Grief is a continuous process, and it is complex.
The Practice of the Week
Grief is complicated. In an NPR article, the writer described it as, “Grief is like someone turned up the volume dial all of a sudden.” There is a long list of emotions you may experience while you are grieving. Sometimes, even conflicting emotions may feel like they contradict each other.
When you experience these conflicting emotions, we offer and invite you to practice an affirmation that involves “yes, and.”
“Yes, and” is typically an icebreaker improvisation activity that helps participants build a story. The underlying idea is that whatever the person before you says, you respond with “yes, and,” then continue the story.
“Yes” to accept what has happened; “and” for you to add to what happened.
If you were to say, “yes, but”…well, it may sound like you are accepting what happened, but really, you are contradicting or overwriting what had previously been stated. For instance, “Yes, they made their decisions, but I should have been there.”

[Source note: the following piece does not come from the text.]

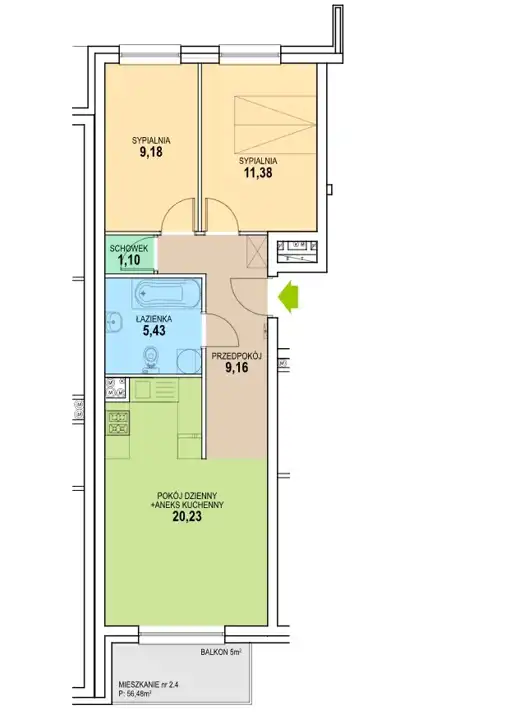 - Charakterystyka mieszkania 56.75 m2, 3 pokoje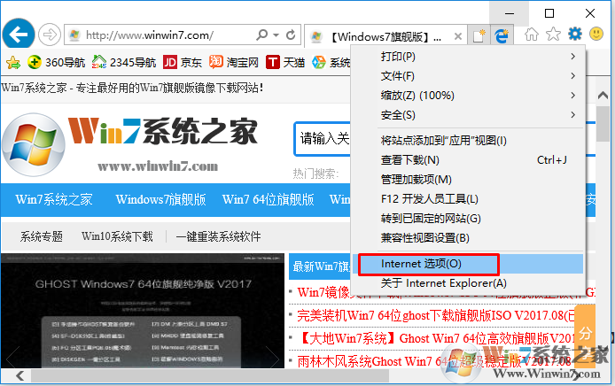 1、点击Internet Explorer窗口右上角的设置(齿轮形状的)按钮,然后点击Internet选项;

In terms of emotions, we may often find ourselves using this phrase. For instance, “Yes, I am upset, but I was not close to them.” In this statement, “but” overrides the upset feelings, as though saying they do not have a right to be upset because they are not close.
So, let’s reframe it: “Yes, I was not close with them, and I am upset over their loss.”
“Yes, I am sad and wish they were still here, and a part of me is relieved they are no longer in pain.”
“Yes, I grieve for and miss them, and I wonder when the pain of the grief will stop.”
“Yes, I miss smelling the baked goods while walking in my hometown, and I enjoy the new scents in my new home.”
“Yes, and” allows space for both statements to be true.
We are complex human beings, and even seemingly contradictory emotions and feelings can co-exist.
News of the Week
Sign up for our newsletter to be the first to know about upcoming events and special deals!
The Thought of the Week

Wishing you a peaceful week!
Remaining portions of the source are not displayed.